Tensorization of neural networks for improved privacy and interpretability
This work addresses privacy and interpretability issues in machine learning models, particularly neural networks, by providing a novel tensorization approach, though it appears incremental as it builds on existing sketching and cross interpolation ideas.
The paper tackles the problem of enhancing privacy and interpretability in neural networks by developing a tensorization algorithm that constructs tensor train representations from black-box function access and sample points. It shows that this method can obfuscate neural networks to protect training data patterns and estimate topological phases of matter, while also serving as an efficient initialization for tensor train optimization and achieving a superior memory-time trade-off for model compression compared to conventional methods.

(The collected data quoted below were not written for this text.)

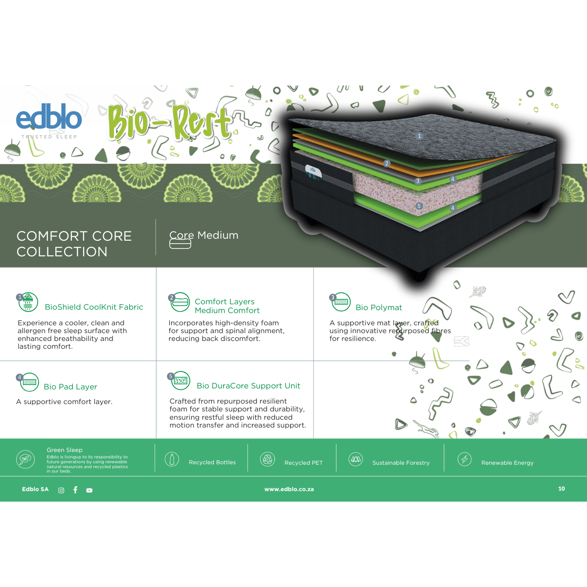 • Bio DuraCore Support Unit: Made from repurposed high-resilience foam for consistent support and reduced motion transfer throughout the night.
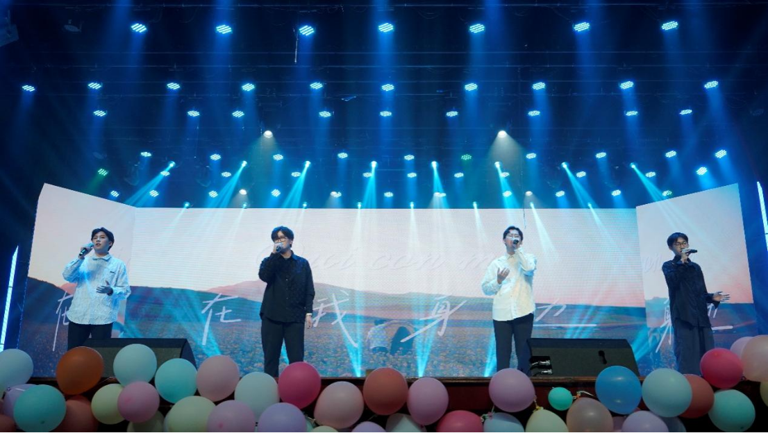 新一轮抽奖过后,“神秘节目”也随之揭晓。毕业班三位辅导员带来舞蹈串烧《入画江南》《上春山》《你要跳舞吗》。怀孕的辅导员李梦、周清菡克服了身体的不适,带着灿烂的笑容为毕业生们带来舞蹈献礼,姐姐们的精心准备将现场的气氛推向最高潮,毕业生们掌声雷动,欢呼阵阵,诉说着内心的激动与不舍。Spring Vocal团队所带来的《你的色彩》,诉说着大学四年,或有过客匆匆,或有刻骨铭心,这些都是青春最绚丽的一笔,独属于你我的别样色彩。最后,20级各班班长与年级会成员共聚舞台,唱响《我的未来不是梦》,在科技逐梦路上,他们以歌传情,向过去致敬,为明天壮志宣言:梦想成真非虚幻,智绘辉煌未来篇。
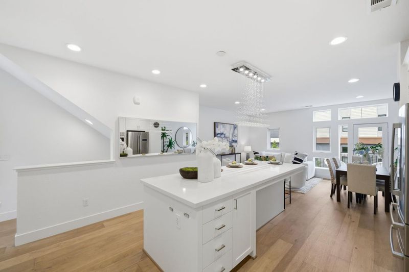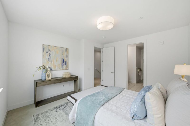 Built in 2020, this upgraded townhome offers 4 bedrooms and 4 bathrooms, including a full bedroom and bath on every level, ideal for multigenerational living. Enjoy abundant natural light and an open-concept layout. The kitchen features stainless steel Bosch appliances, a gas stove, modern finishes, and a large island with counter seating. The spacious primary suite offers dual sinks, a large shower, and a walk-in closet. Two private balconies provide additional outdoor space, and laundry is conveniently located inside. The finished garage features epoxy flooring, and thoughtful smart-home upgrades include Lutron Caseta lighting, Apple Home Key-compatible smart locks, hardwired Ethernet throughout, gigabit fiber availability, and EV charging readiness. Enjoy low HOA dues and an unbeatable Downtown Fremont location near BART, major commute routes, Whole Foods, Safeway, Trader Joes, Target, Meta/Google/Apple shuttle stops, parks, and popular dining along the State Street corridor, with a variety of local favorites just moments away.

We present a tensorization algorithm for constructing tensor train representations of functions, drawing on sketching and cross interpolation ideas. The method only requires black-box access to the target function and a small set of sample points defining the domain of interest. Thus, it is particularly well-suited for machine learning models, where the domain of interest is naturally defined by the training dataset. We show that this approach can be used to enhance the privacy and interpretability of neural network models. Specifically, we apply our decomposition to (i) obfuscate neural networks whose parameters encode patterns tied to the training data distribution, and (ii) estimate topological phases of matter that are easily accessible from the tensor train representation. Additionally, we show that this tensorization can serve as an efficient initialization method for optimizing tensor trains in general settings, and that, for model compression, our algorithm achieves a superior trade-off between memory and time complexity compared to conventional tensorization methods of neural networks.